*BRIEF*
Pictures should be left out when the listing below is repeated word for word.

*GIVEN INFORMATION*
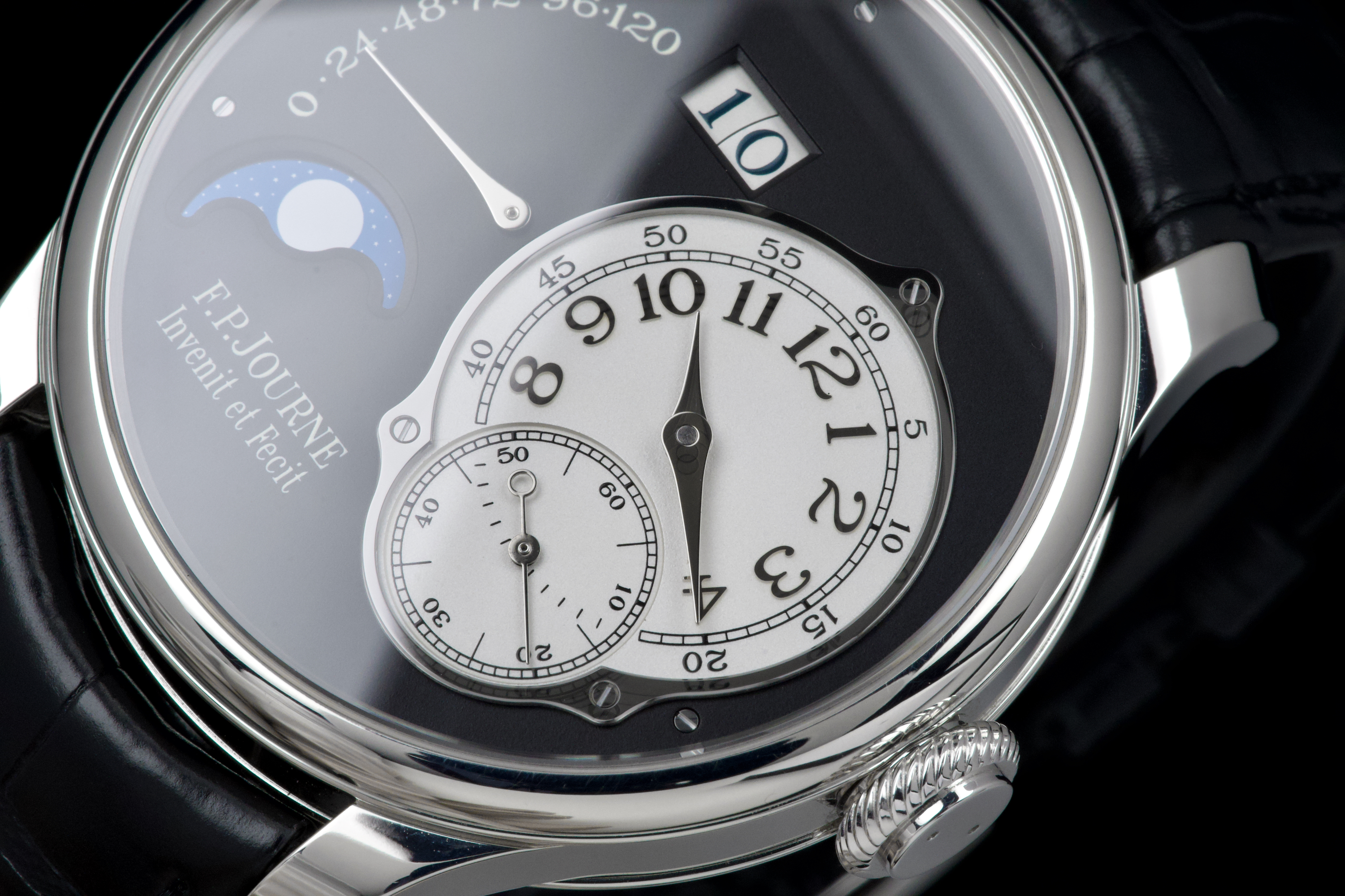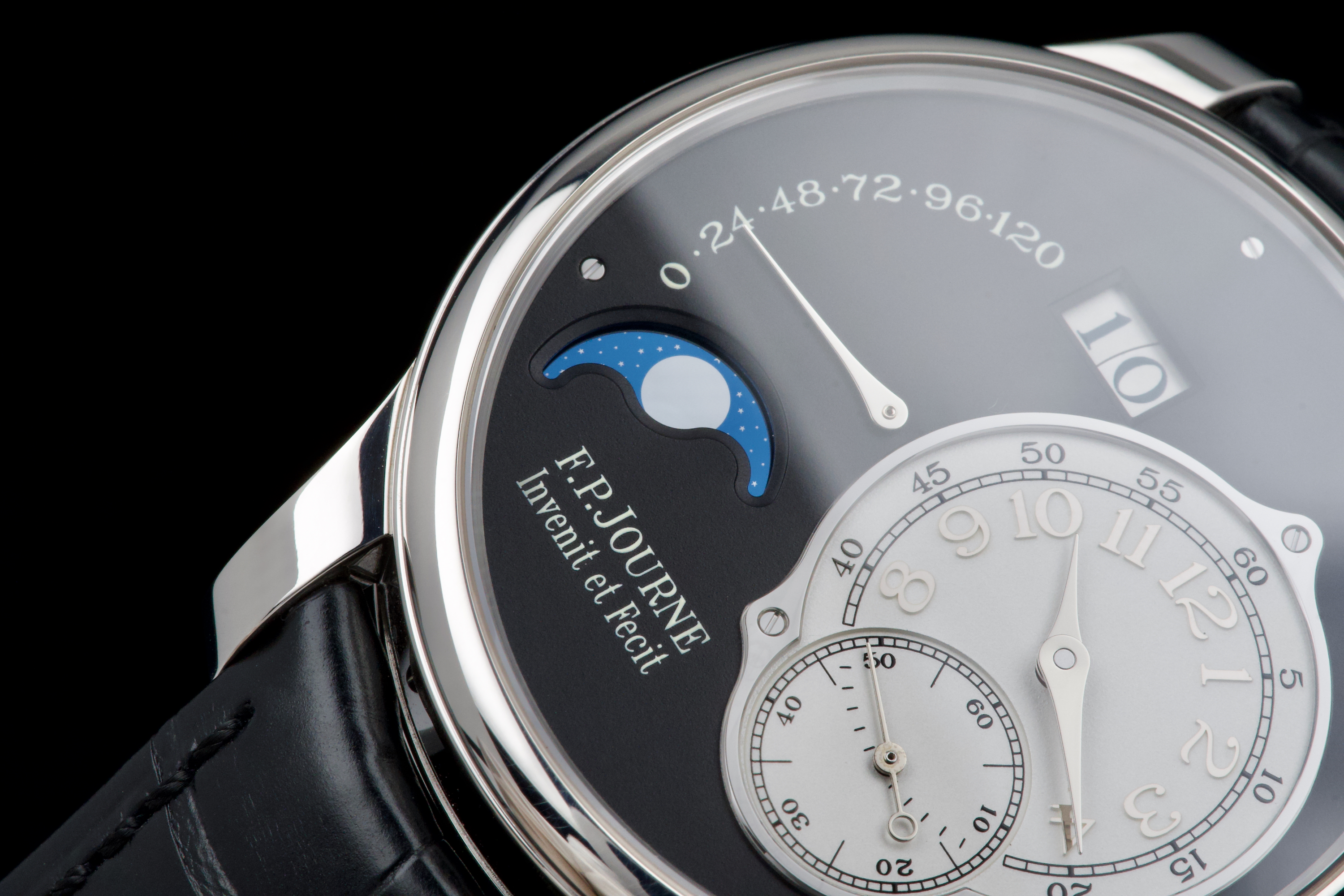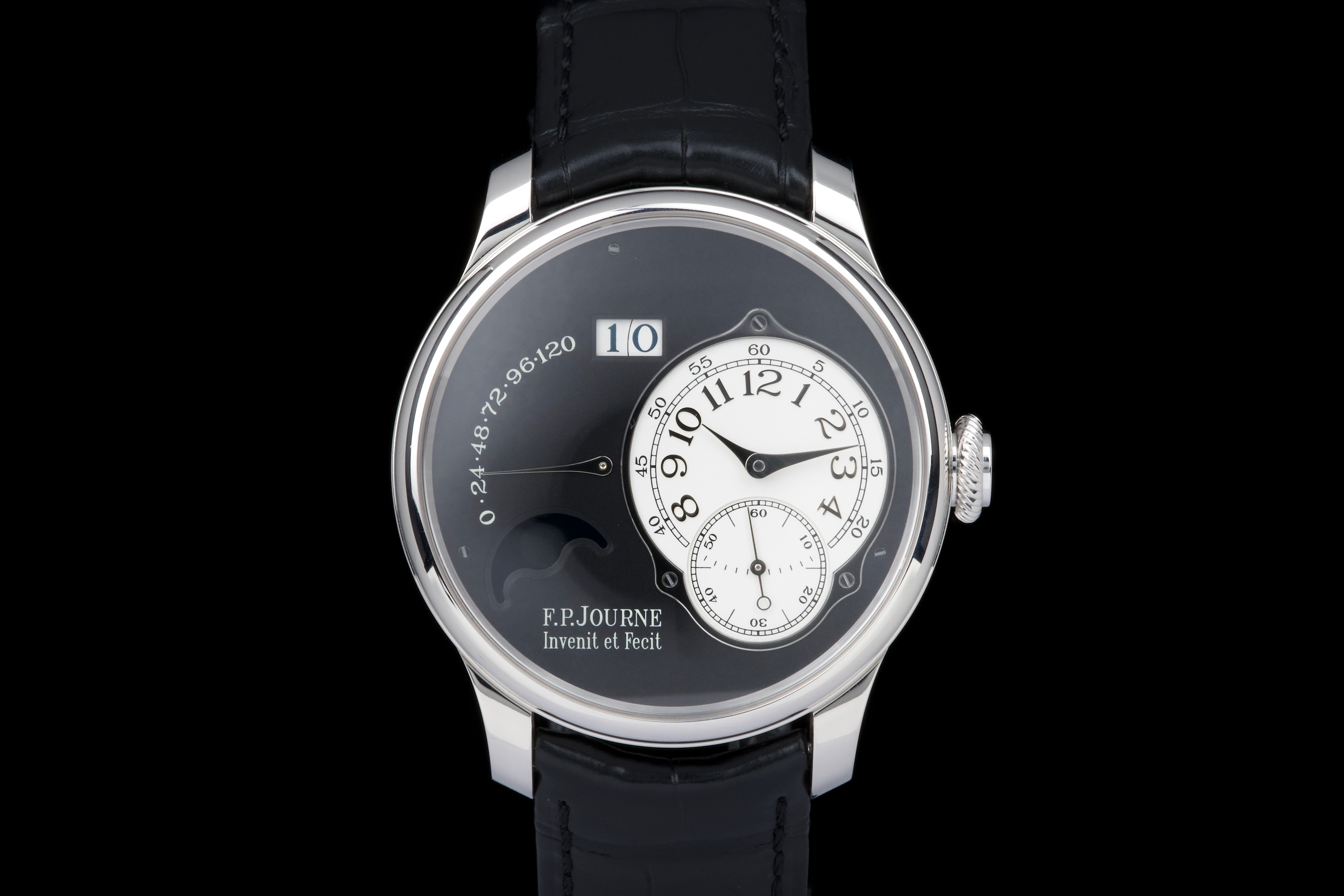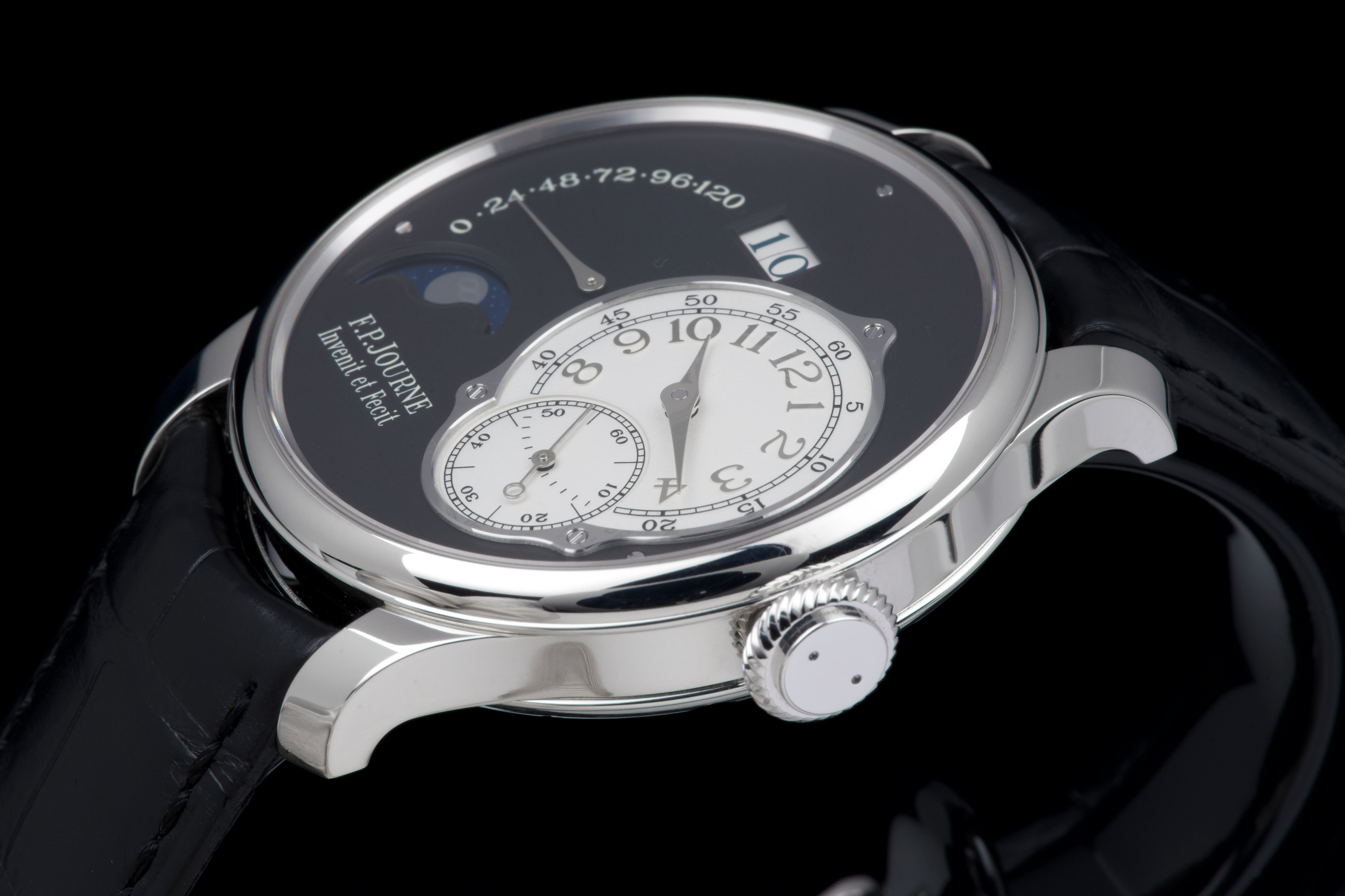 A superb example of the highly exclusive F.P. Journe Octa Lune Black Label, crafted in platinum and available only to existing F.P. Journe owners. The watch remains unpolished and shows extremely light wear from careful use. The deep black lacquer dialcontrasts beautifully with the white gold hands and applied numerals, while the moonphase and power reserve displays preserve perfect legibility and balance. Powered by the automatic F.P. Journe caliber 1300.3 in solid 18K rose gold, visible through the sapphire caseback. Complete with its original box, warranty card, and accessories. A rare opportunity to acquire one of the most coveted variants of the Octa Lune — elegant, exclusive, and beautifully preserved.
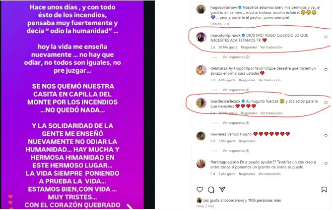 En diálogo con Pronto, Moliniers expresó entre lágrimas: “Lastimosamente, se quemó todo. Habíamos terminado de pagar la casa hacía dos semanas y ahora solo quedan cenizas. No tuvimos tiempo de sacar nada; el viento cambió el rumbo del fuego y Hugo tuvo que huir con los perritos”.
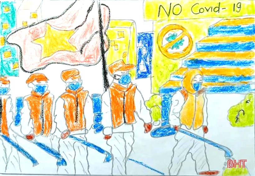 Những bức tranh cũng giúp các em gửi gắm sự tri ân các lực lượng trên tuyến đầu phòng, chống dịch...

*EXERCISE OUTPUT*
 A superb example of the highly exclusive F.P. Journe Octa Lune Black Label, crafted in platinum and available only to existing F.P. Journe owners. The watch remains unpolished and shows extremely light wear from careful use. The deep black lacquer dialcontrasts beautifully with the white gold hands and applied numerals, while the moonphase and power reserve displays preserve perfect legibility and balance. Powered by the automatic F.P. Journe caliber 1300.3 in solid 18K rose gold, visible through the sapphire caseback. Complete with its original box, warranty card, and accessories. A rare opportunity to acquire one of the most coveted variants of the Octa Lune — elegant, exclusive, and beautifully preserved.
 En diálogo con Pronto, Moliniers expresó entre lágrimas: “Lastimosamente, se quemó todo. Habíamos terminado de pagar la casa hacía dos semanas y ahora solo quedan cenizas. No tuvimos tiempo de sacar nada; el viento cambió el rumbo del fuego y Hugo tuvo que huir con los perritos”.
 Những bức tranh cũng giúp các em gửi gắm sự tri ân các lực lượng trên tuyến đầu phòng, chống dịch...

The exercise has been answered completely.